GeneArt Perfect Match TALs来源于GeneArt Precision TALs。GeneArt Perfect Match TALs采用了一个新的设计以去除5’端碱基限制,因此可以被设计为靶向基因组内的任何序列。它们在TAL效应子的N末端带有3个氨基酸的突变,从而将5’结合基序转变为一个通用结合基序,可以结合任意碱基:A,G,C或T。这些PerfectMatch TALs可以是带有Fok1核酸酶的Invitrogen Gateway入门载体,也可以是可在哺乳动物系统表达的带有CMV启动子的表达载体。PerfectMatch TALs的表现和最初的Precision TALs一样或更好。目前,GeneArtPerfectMatch TALs仅提供带有核酸酶功能的形式(Fok1核酸酶对),而Precision TALs提供核酸酶功能(Fok1核酸酶对),激活子功能(VP16或VP64),抑制子功能(KRAB),或者定制功能(MCS载体)。

我们使用 Invitrogen GeneArt Genomic Cleavage Detection试剂盒比较了针对HPRT位点设计的GeneArt Perfect Match和Precision TALs的切割效率,并且发现对于相同目标区域GeneArt Perfect Match TALs表现出和GeneArt Precision TALs相同或更好的性能。

GeneArtPerfectMatch TALs提高了设计TAL效应子的灵活性,并使得一对TAL效应子间保持15–16 bp的间隔成为可能,从而获得了最大的TAL效应子效率。

设计TAL序列有可用的指南吗?

以下是我们的建议:

GeneArt Precision TALs允许构建针对18或24个碱基对的DNA靶标的TAL效应子功能性蛋白。

每个目标位点必须在5’末端之前有一个碱基T,因为TAL效应子蛋白包含一个保守的T-结合基序。该5’T不包含在被选作特异性靶标的18或24个碱基中。
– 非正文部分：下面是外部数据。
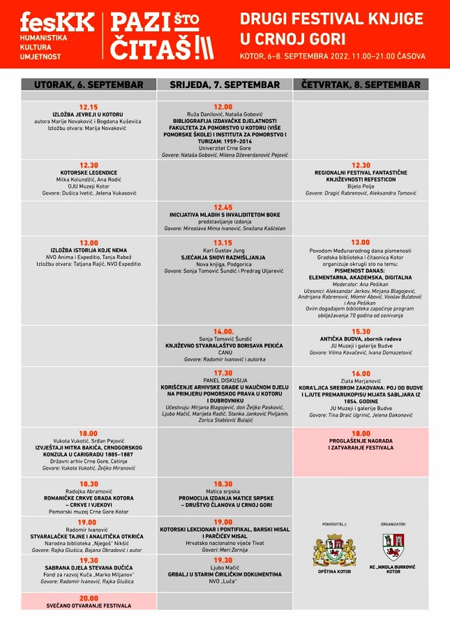 Sinoć je u galeriji Kulturnog centra ''Nikola Đurković'' Kotor otvoren Drugi festival knjige – humanistike, kulture i umjetnosti u Crnoj Gori – FeskK Kotor (FesKK) PAZI ŠTO ČITAŠ! koji će trajati od 6. do 8. 9. u Kotoru.
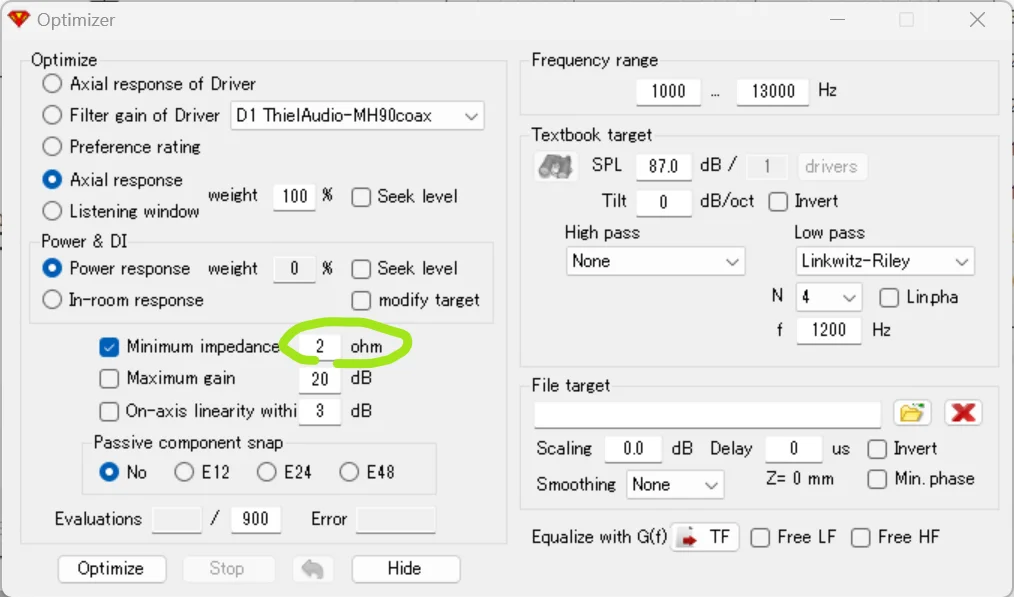 ここのチェックを怠ってオプティマイズを走らせると、オプティマイザは無制限にインピーダンスを低下させるように動作してしまいます。つまり、強い位相・振幅補償はインピーダンスの低下=アンプの負担上昇とトレードオフにあります。

一对核酸酶需要被设计为在互补DNA链上的各自目标位点之间有13-18 bp的间隔序列。

对于Invitrogen GeneArt PerfectMatch TALs而言,5’末端碱基没有限制。我们通过突变N端结构域以降低其对5’T的特异性从而研发出了第二代的TALs。因此,5’端出现任何碱基(T, G, C, 或A)都可以,且其性能表现和最初的GeneArt Precision TALs相当。我们建议您在设计一对核酸酶时,它们各自识别的目标位点之间应有一段15–16 bp的间隔序列。

因为存在强DNA结合基序和弱DNA结合基序,DNA结合结构域内每个结合基序对于TAL效应子结合DNA效率的贡献是不同的。A和T结合基序被认为属于“弱结合”基序,而C和G结合基序被认为是“强结合”基序。应该避免在结合结构域(不包括5’T)的5’末端出现5个连续的弱结合基序,也应避免5个连续的弱结合基序两侧不是C的情况。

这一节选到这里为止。